I agree it could be somewhat good for miri to have a hit ml publication, particularly if it was something unlikely to shift progress significantly. I could imagine a universe where this happened if miri happened upon a very interesting safety-advanced thing, the way adversarial counterexamples were this big new thing slightly outside the usual ml way of doing business (ie, not achieving high scores on a task with some improved technique). But it seems fairly unlikely to be worth it to try to play the usual ml game at the level of top ml groups simply for the sake of prestige, because it is likely too hard to gain prestige that way with so many others trying. It seems better in spirit to gain credibility by doing what miri does best and getting recognition for what's good (of the open research). O suspect we have some deep disagreements about background models.

I think the best way to reach ml people in the long run is not through credibility, but through good arguments presented well. Let me clarify: credibility/prestige definitely play a huge role in what the bulk of people think. But the credibility system is good enough that the top credible people are really pretty smart, so to an extent can be swayed by good arguments presented well. This case can definitely be overstated and I feel like I'm presenting a picture which will right be criticised as over-optimistic. But I think there are some success stories, and it's the honest leverage path (in contrast to fighting for prestige in a system in which lots of people are similarly doing so).

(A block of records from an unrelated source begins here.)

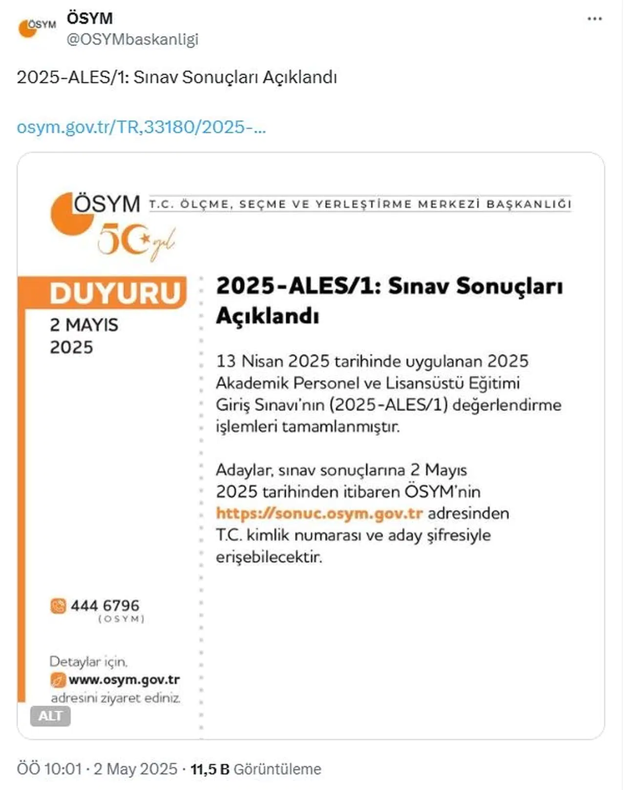 ANKARA, (DHA)- ÖLÇME Seçme ve Yerleştirme Merkezi Başkanlığı (ÖSYM), 2025 Akademik Personel ve Lisansüstü Eğitimi Giriş Sınavı (2025-ALES/1) sonuçlarının açıklandığını duyurdu.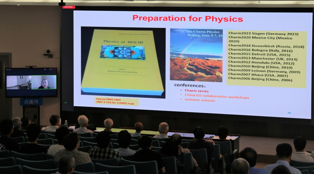 首先,王贻芳院士作了“BESIII的设计、建造和运行”的开场报告,他回顾了BESIII探测器设计、建造和物理黄皮书的研究历程, 回顾并致谢了以李卫国研究员为代表的,为探测器设计和建造过程作出突出贡献的科研和技术人员。 随后,专程由美国抵京参会的Fred Harris 教授报告了从第一代北京谱仪到第二代、第三代北京谱仪的发展历程。美籍Steve Olsen教授通过线上参会即席发言,他赞扬了北京谱仪实验所取得的成绩。他评价北京谱仪实验见证了中国的高能物理实验从无到有,到现在蓬勃发展的整个历程。郑海扬教授、郭奉坤研究员和陈莹研究员作为理论家代表也分别阐述了BESIII 实验结果对理论模型的重要意义。此外,各主题报告人与参会代表也回顾了BESIII实验组取得的重要成就,并对未来实验计划做了讨论和建议。BESIII国际合作组发言人李海波研究员最后作大会总结发言。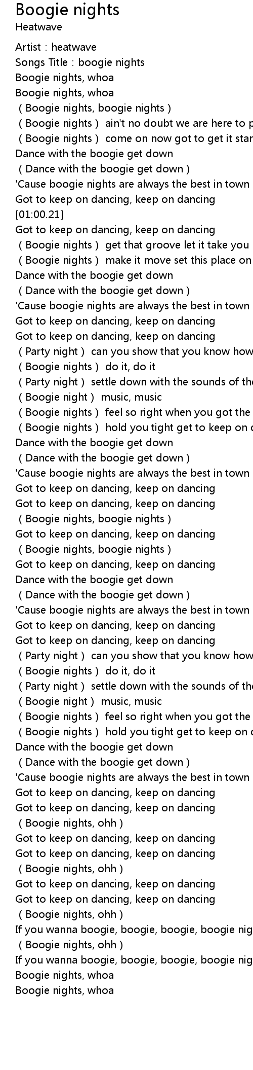 | [02:18.68] | (Boogie nights, boogie nights) |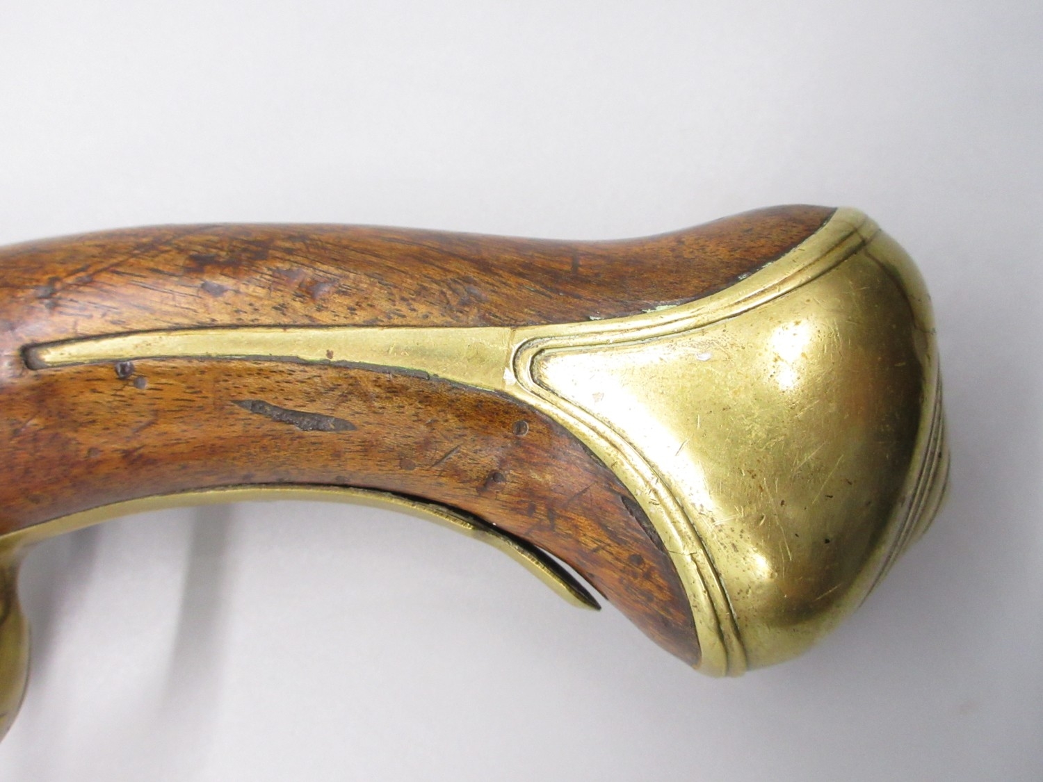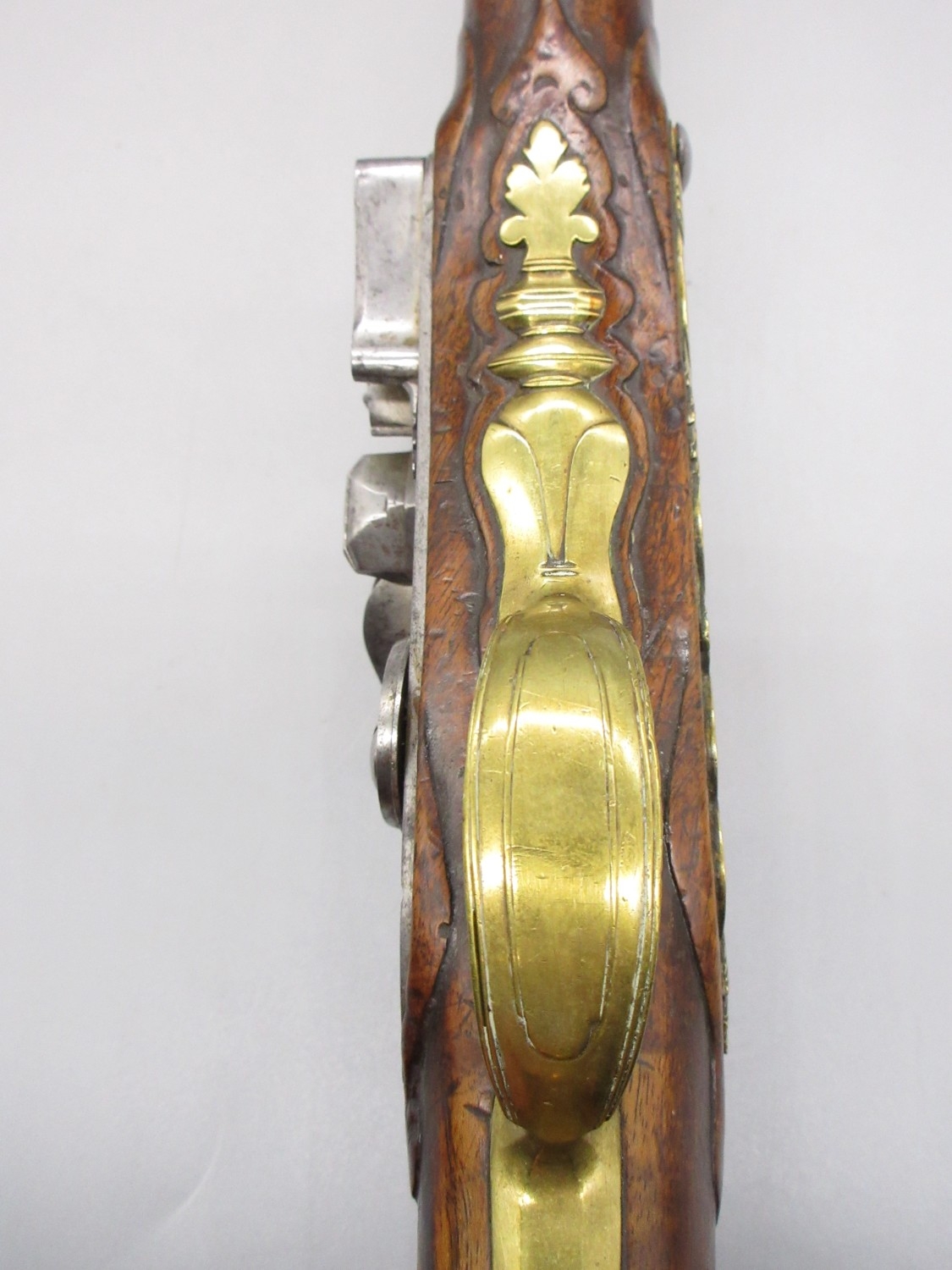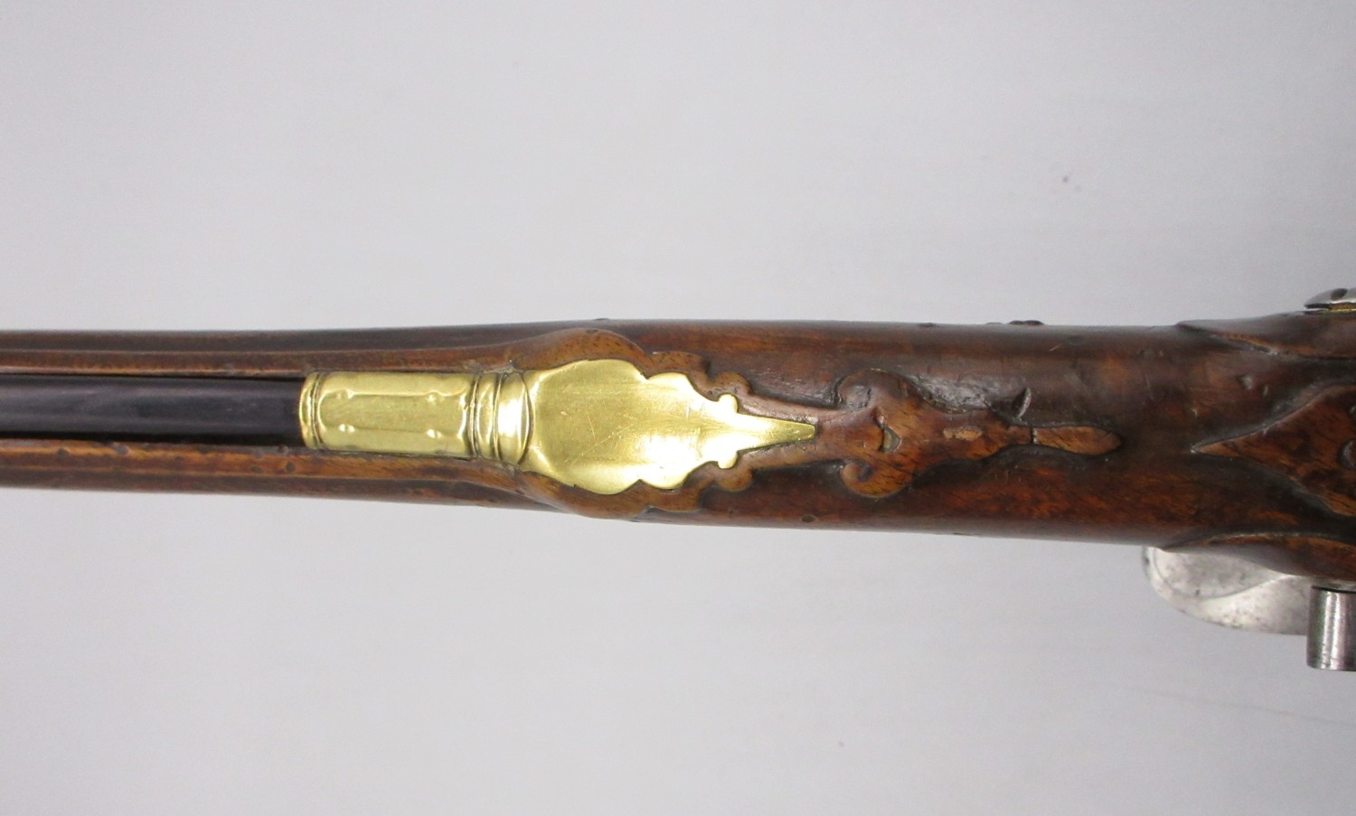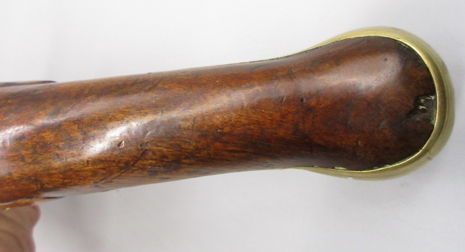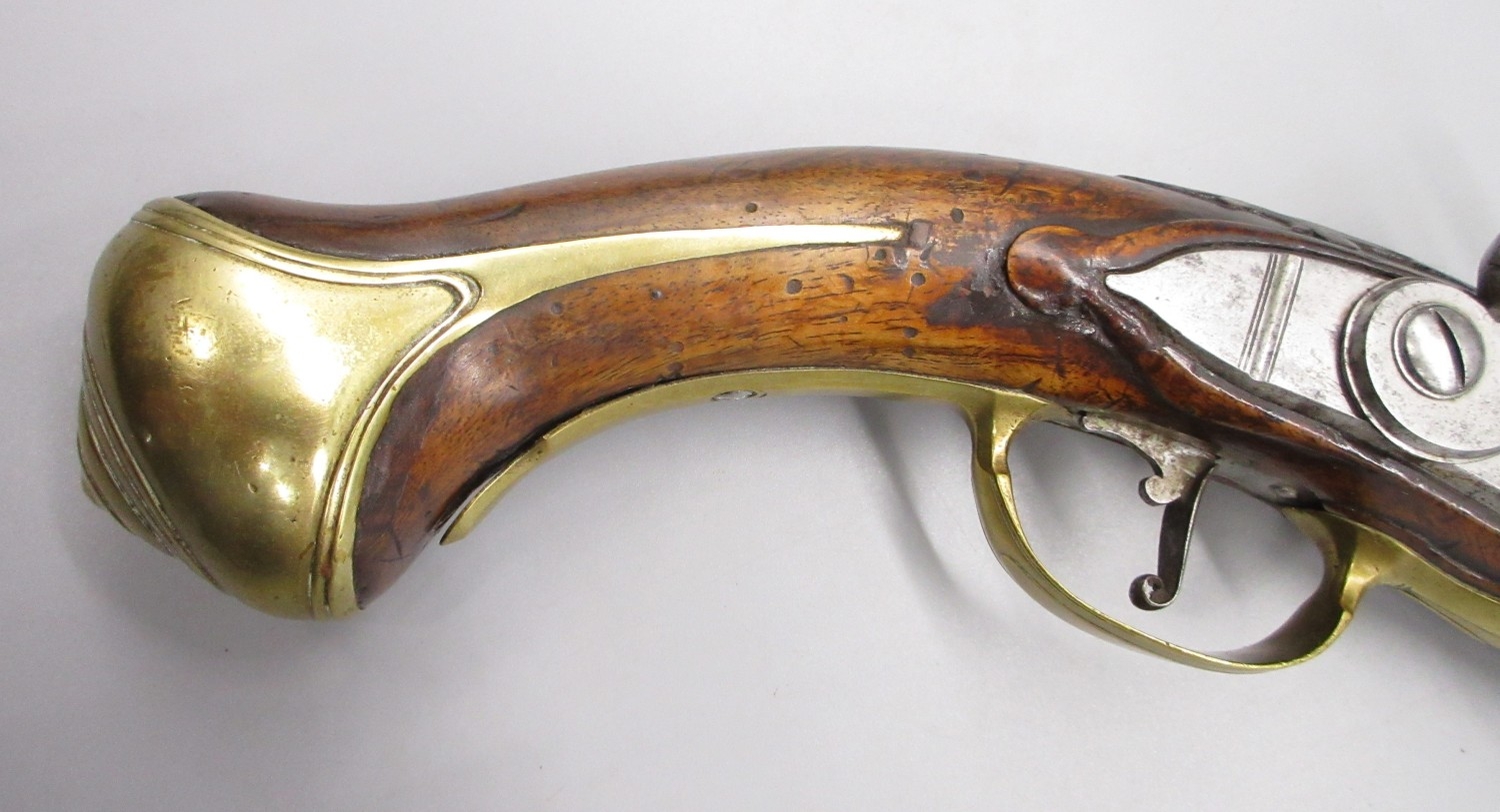 Pair of long barreled 22 bore flintlock pistols, 14" barrels with fixed fore sights, engraved `H.S.N 39 and 40' stamped `Cartie', brass mounts and un-named locks, complete with ramrods, 56cm overall (stock cracked on one)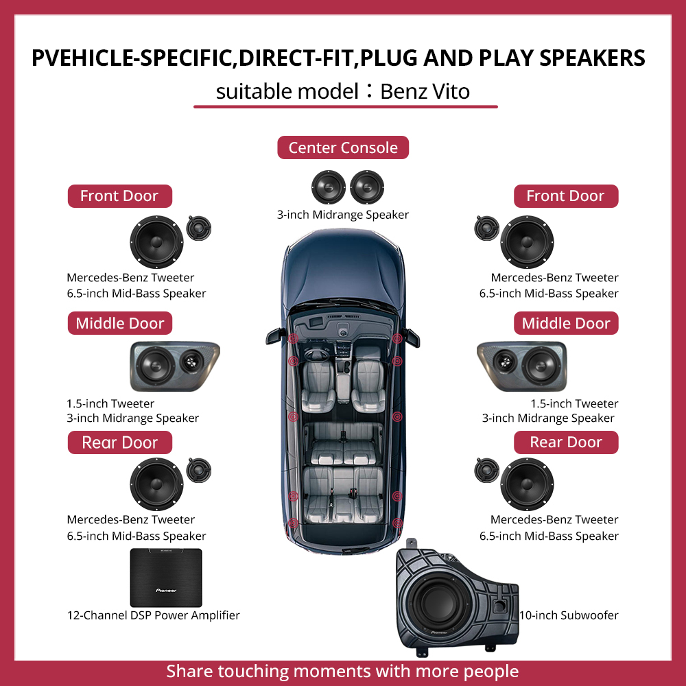 Προσαρμοσμένο αποκλειστικά για Mercedes-Benz Vitoχωρίς τροποποιήσεις, πλήρης συμβατότητα και ήχος ποιότητας στούντιο στο βαν σας!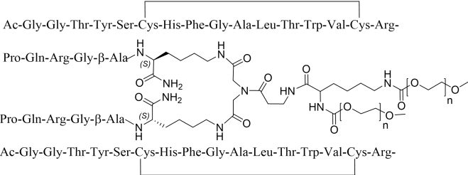 | 【成份】 | 本品活性成份为培莫沙肽。 化学名称:N ε,22 ,Nε,22’-({N α ,N ε-二[ω-甲氧基聚(氧乙烯基)羰基]赖氨酰-β-丙氨酰基}亚胺基 二乙酰基)-二(乙酰基甘氨酰-甘氨酰-苏氨酰-酪氨酰-丝氨酰-半胱氨酰-组氨酰-苯丙氨酰-甘 氨酰-丙氨酰-亮氨酰-苏氨酰-色氨酰-缬氨酰-半胱氨酰-精氨酰-脯氨酰-谷氨酰胺酰-精氨酰- 甘氨酰-β-丙氨酰-赖氨酰胺)环(6-15:6’-15’)-双二硫化物 化学结构式: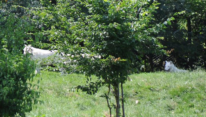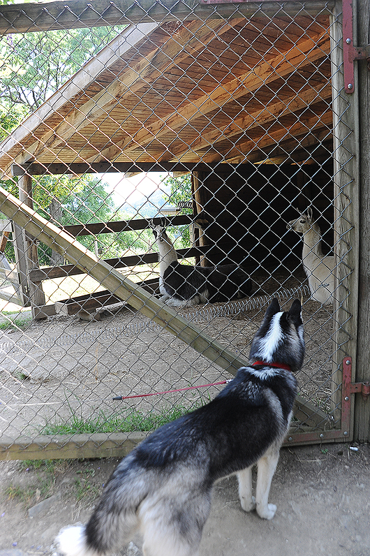 Полярные волки. Когда мы подошли к их владениям ни одного волка видно не было. Дукти понюхал воздух, сел и начал тихонечко подвывать, потом громче. Сбежался народ. Мы прилипли к изгороди. Дукти пел уже во все горло. И наконец они появились. Сначала один. Постоял, посмотрел. Ушел. Но через секунду привел еще нескольких. Подходить близко не стали, только прошли стороной. Нашего зверя немного подтрясывало от напряжения.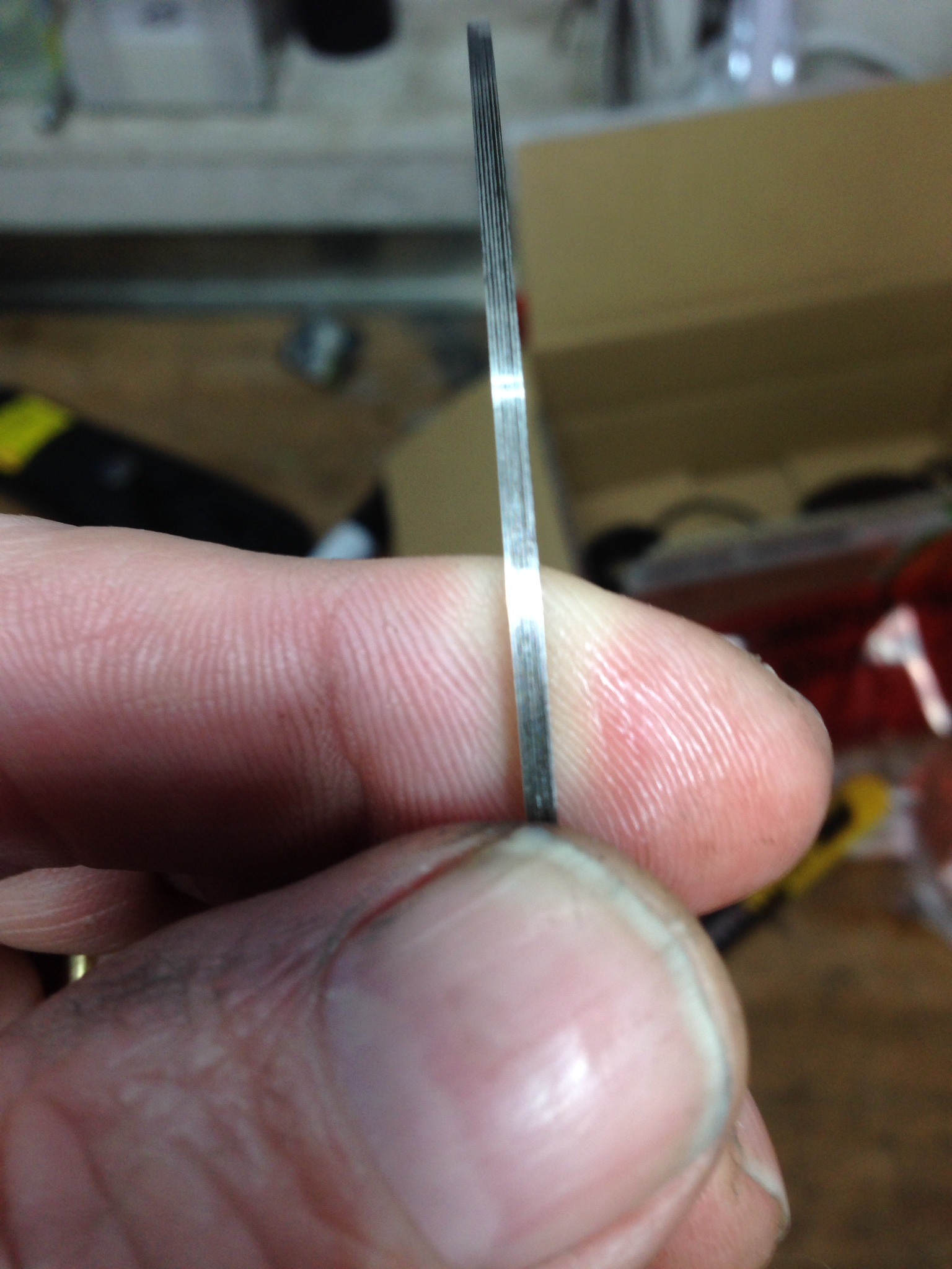 Oben im Bild ist schön zu sehen, wo der Ring schon trägt (hell), Die dunklen Stellen sind die Riefen der Bearbeitung die irgendwann komplett weggeschliffen sind.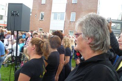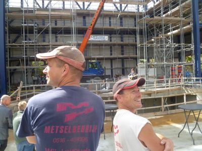 Eén beeld miste de wethouwer wel en dat was de meiboom op het dak. As kompensasy had Sinnema self mar un alternatyf boomke metnomen dat hij an projektleider Luiks overhandegde. Dêrna was der múzyk fan die Twa ( ? ) en spesjaal foar de boufakkers was weareldkampioën moanfluiten Geert Chatrou optrommeld foar un eksklúsyf konsert. Un bysondere middach foar wie’t der bij waren.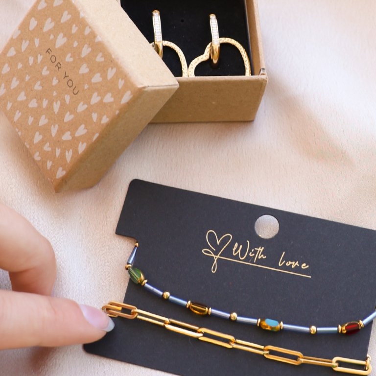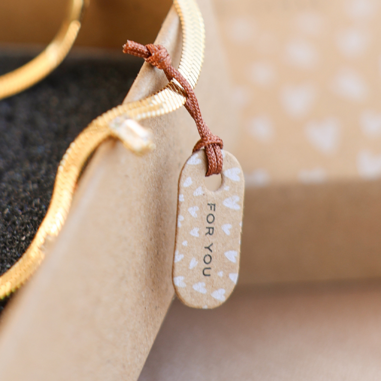 Qui n'a pas envie de recevoir un beau bijou dans un écrin prévu à cet effet, accompagné d'une carte personnalisée ? Les boîtes et les cartes conçues par notre propre équipe de designers avec des textes tels que "For you " et "Pretty things inside" ne manqueront pas de séduire vos clients !
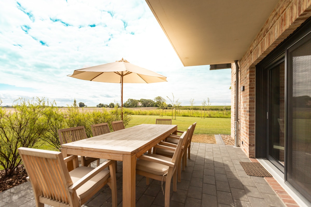 After several family vacations and celebrations with three young children, and in light of the ongoing climate change, we decided to create a sustainable accommodation for active people, especially those with children! Otterndorf: This green seaside town has a lot to offer. From our house with two separate apartments, you can see the giant containers passing by, about 1km away along the dike. In an idyllic and very quiet location, the garden overlooks a horse meadow!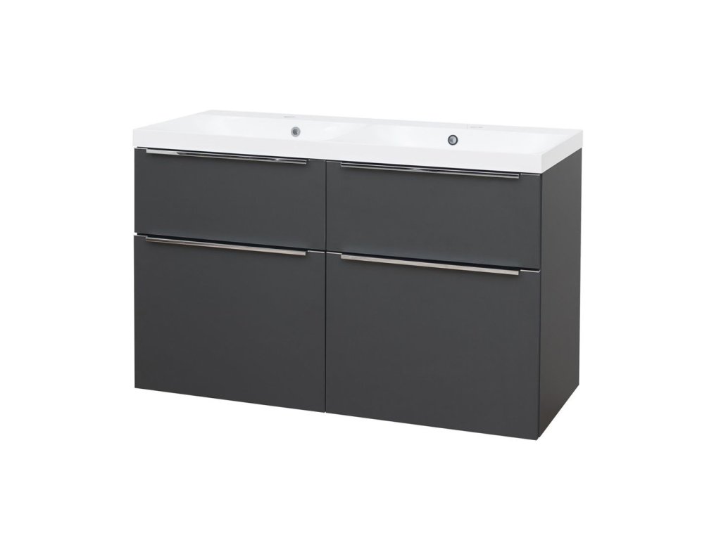 Mereo Mailo, koupelnová skříňka s umyvadlem z litého mramoru 121 cm, antracit, chrom madlo

Anyway, I've hardly said anything about your main point. I don't know how to think about it, and I wish I did. I usually try to think about differential progress and then fail, and fall back on an assessment of how surprised I'd be if something lead to big AI progress, and am cautious if it seems within the realm of possibility.

I do think this is an overly optimistic picture. The amount of traction an argument gets seems to be something like a product of how good the argument is, how credible those making the argument are, and how easy it is to process the argument.

Also, regarding this:

But the credibility system is good enough that the top credible people are really pretty smart, so to an extent can be swayed by good arguments presented well.

It's not just intelligence that determines if people will be swayed; I think other factors (like "rationality", "open-mindedness", and other personality factors play a very big role.